[[ RECORDS SHOWN, beginning ]]
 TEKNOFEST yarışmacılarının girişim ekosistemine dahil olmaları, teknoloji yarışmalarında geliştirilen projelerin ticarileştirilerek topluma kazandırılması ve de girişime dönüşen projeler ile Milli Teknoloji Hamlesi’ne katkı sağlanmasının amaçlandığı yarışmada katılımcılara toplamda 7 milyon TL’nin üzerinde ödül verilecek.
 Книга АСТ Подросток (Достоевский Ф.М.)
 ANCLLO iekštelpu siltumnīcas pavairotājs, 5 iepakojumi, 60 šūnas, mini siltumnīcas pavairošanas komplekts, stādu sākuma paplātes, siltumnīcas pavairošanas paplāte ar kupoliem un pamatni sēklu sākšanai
[[ RECORDS SHOWN, end ]]
[[ RECORDS SHOWN, beginning ]]
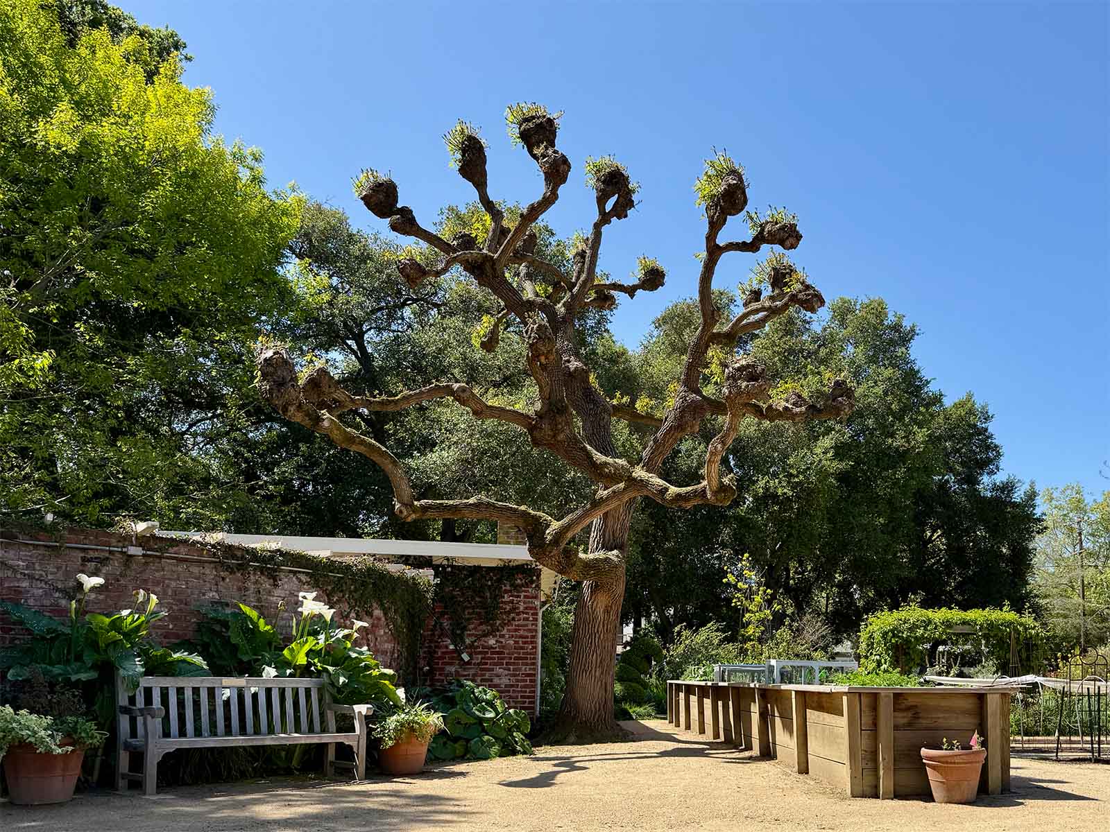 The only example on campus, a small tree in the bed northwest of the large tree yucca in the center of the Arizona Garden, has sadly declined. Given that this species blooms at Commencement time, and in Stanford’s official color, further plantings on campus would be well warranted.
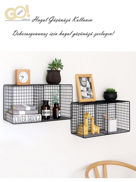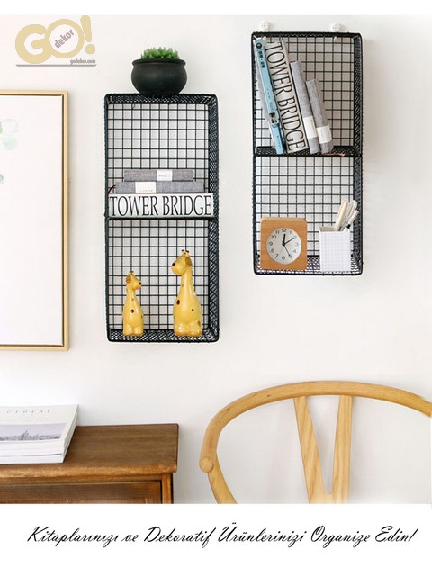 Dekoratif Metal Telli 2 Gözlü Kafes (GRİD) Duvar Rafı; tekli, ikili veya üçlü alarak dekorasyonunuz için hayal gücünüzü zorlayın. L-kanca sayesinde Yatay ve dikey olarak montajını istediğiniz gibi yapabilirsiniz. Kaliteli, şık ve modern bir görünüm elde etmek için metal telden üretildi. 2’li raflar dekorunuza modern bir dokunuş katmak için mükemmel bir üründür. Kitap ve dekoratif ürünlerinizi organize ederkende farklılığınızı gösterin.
[[ RECORDS SHOWN, end ]]
| TASK DETAILS |
The required output is the stretch of entries above from the line containing "Книга АСТ Подросток (Достоевский Ф.М.)" through the line containing "ANCLLO iekštelpu siltumnīcas", reproduced exactly.

| RESPONSE |
 Книга АСТ Подросток (Достоевский Ф.М.)
 ANCLLO iekštelpu siltumnīcas pavairotājs, 5 iepakojumi, 60 šūnas, mini siltumnīcas pavairošanas komplekts, stādu sākuma paplātes, siltumnīcas pavairošanas paplāte ar kupoliem un pamatni sēklu sākšanai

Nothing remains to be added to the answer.